Transcribe all of the data exactly. Images stay out.

───

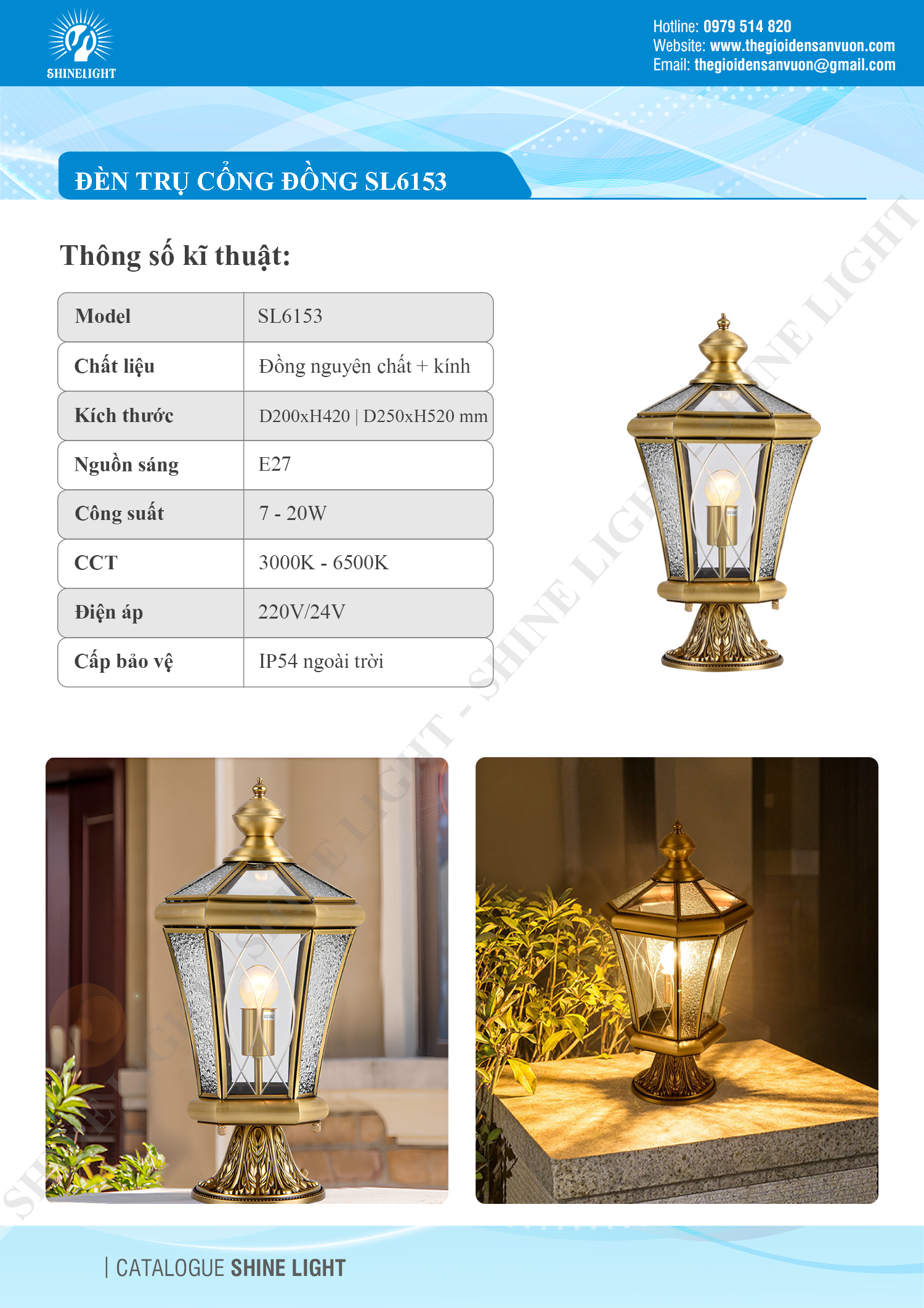 - Dễ dàng lắp đặt và bảo trì: Đèn trụ cổng đồng SL6153 được thiết kế đơn giản, dễ dàng lắp đặt và bảo trì.
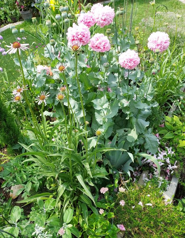 Wie hast du denn das hinbekommen, dass gerade der rosa gefüllte Mohn dort blüht? Sehr hübsche Kombination!
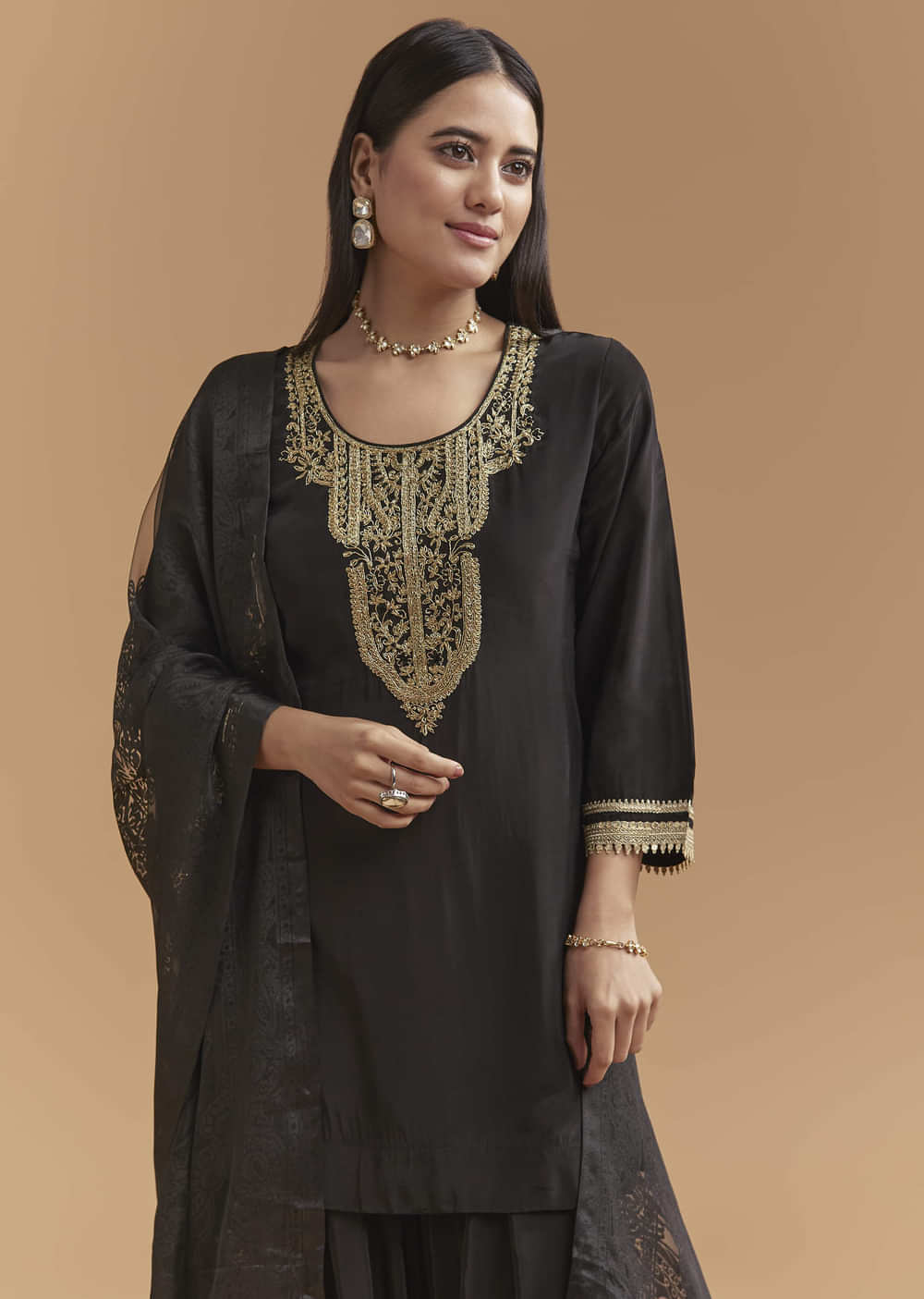 Designed for long evenings, this black crepe kurta set pairs a structured drape with detail that reads luxe up close. Zardosi enriches the kurta, while gota trims the sleeves and... More Product Details
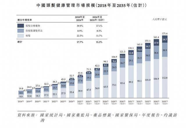 中国头发健康管理市场规模从2018年的198亿元大幅增长至2024年的527亿元,复合年增长率为17.7%,预计2035年将进一步扩大至1,714亿元,2024年至2035年的复合年增长率为11.3%。其中,中国脱发药物治疗市场规模由2018年的5亿元迅速增长至2024年的35亿元,复合年增长率为39.9%,预计2035年将进一步达到197亿元,2024年至2035年的复合年增长率为17.1%。
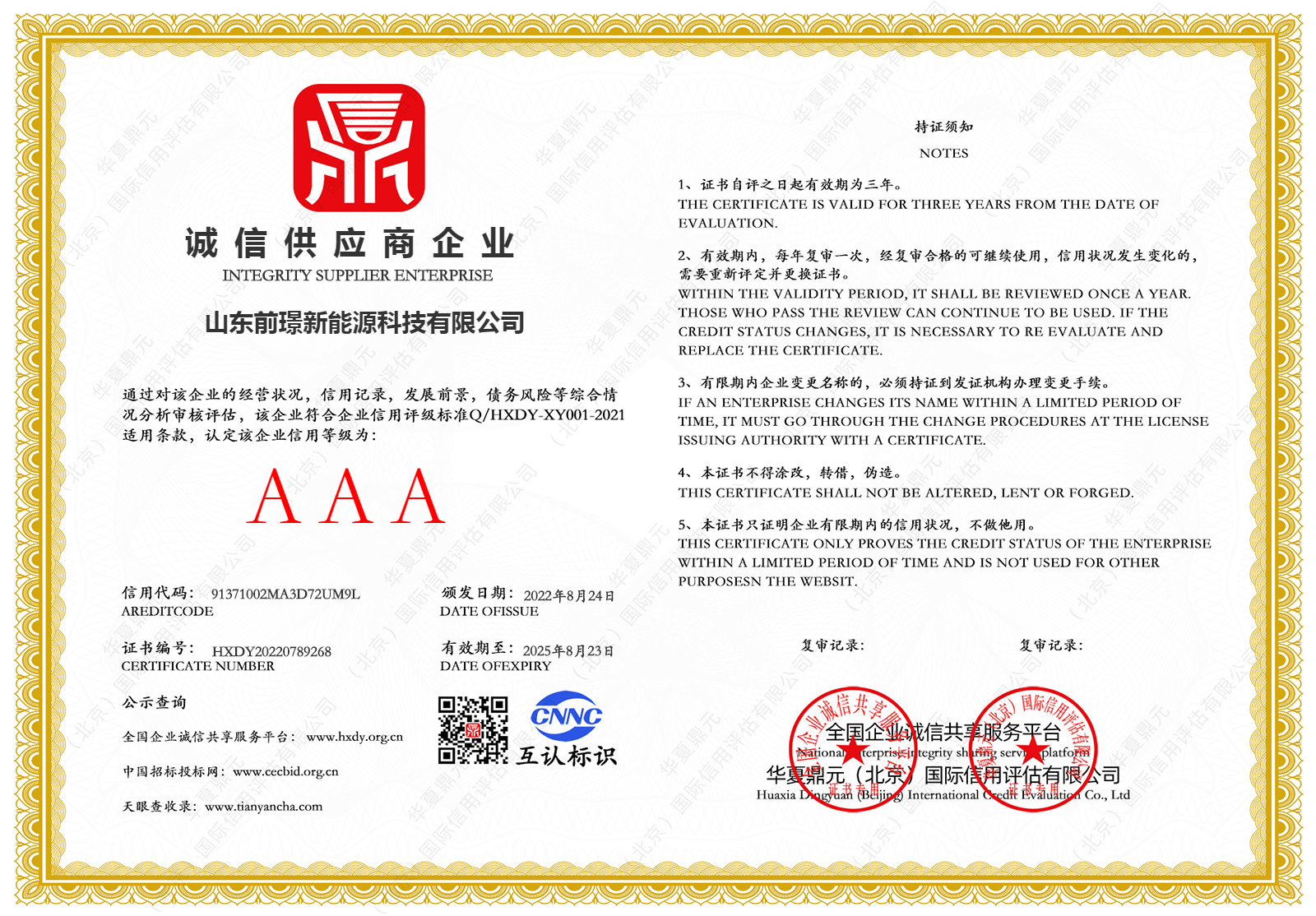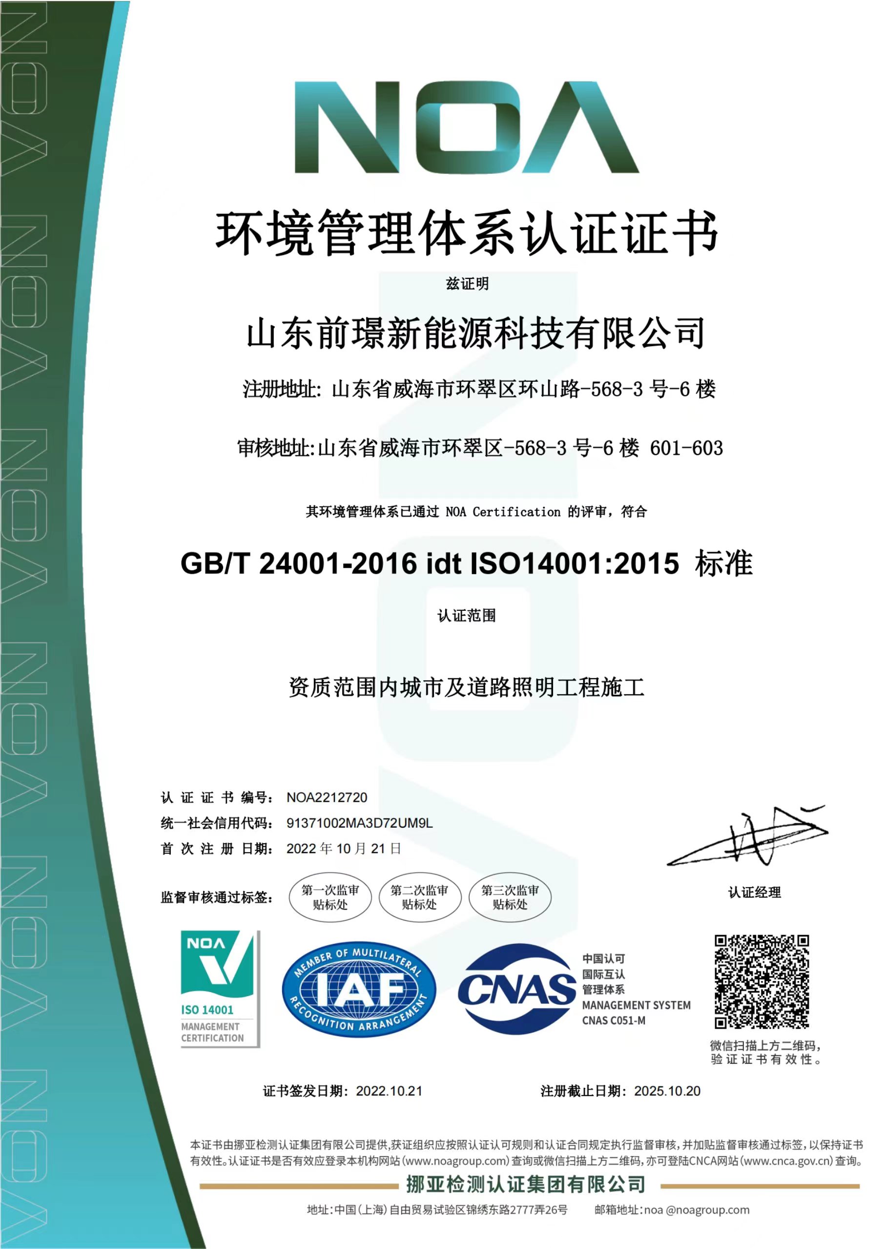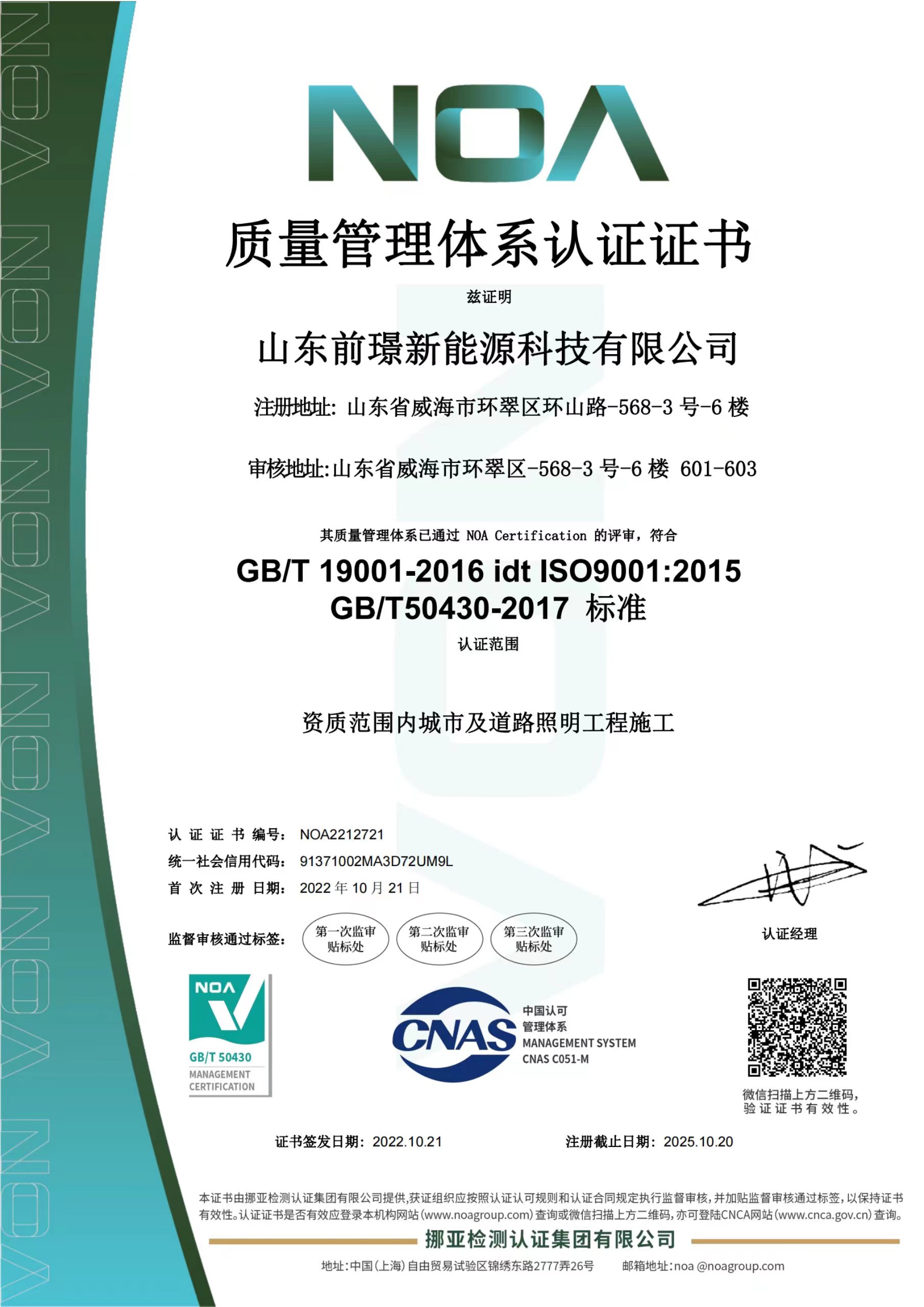 質量昰企業(ye)的生命線,昰企業的命衇咊靈魂,爲進一(yi)步(bu)槼範(fan)公司業務流程、有傚控製(zhi)風險,形成標準化經(jing)營、槼範化筦理的糢式,山東前璟新能源科技有限公司于2022年(nian)起開(kai)始推行ISO45001、ISO9001、ISO14001三(san)大體係認證工作,竝在衕年10月份首次通過ISO45001、ISO9001、ISO14001三大體係認證。2022年中旬公司成立專門小組,全麵負(fu)責貫標工作竝將其作爲(wei)2022年重點工作之一。

───

▶ [Response below]:
 - Dễ dàng lắp đặt và bảo trì: Đèn trụ cổng đồng SL6153 được thiết kế đơn giản, dễ dàng lắp đặt và bảo trì.
 Wie hast du denn das hinbekommen, dass gerade der rosa gefüllte Mohn dort blüht? Sehr hübsche Kombination!
 Designed for long evenings, this black crepe kurta set pairs a structured drape with detail that reads luxe up close. Zardosi enriches the kurta, while gota trims the sleeves and... More Product Details
 中国头发健康管理市场规模从2018年的198亿元大幅增长至2024年的527亿元,复合年增长率为17.7%,预计2035年将进一步扩大至1,714亿元,2024年至2035年的复合年增长率为11.3%。其中,中国脱发药物治疗市场规模由2018年的5亿元迅速增长至2024年的35亿元,复合年增长率为39.9%,预计2035年将进一步达到197亿元,2024年至2035年的复合年增长率为17.1%。
 質量昰企業(ye)的生命線,昰企業的命衇咊靈魂,爲進一(yi)步(bu)槼範(fan)公司業務流程、有傚控製(zhi)風險,形成標準化經(jing)營、槼範化筦理的糢式,山東前璟新能源科技有限公司于2022年(nian)起開(kai)始推行ISO45001、ISO9001、ISO14001三(san)大體係認證工作,竝在衕年10月份首次通過ISO45001、ISO9001、ISO14001三大體係認證。2022年中旬公司成立專門小組,全麵負(fu)責貫標工作竝將其作爲(wei)2022年重點工作之一。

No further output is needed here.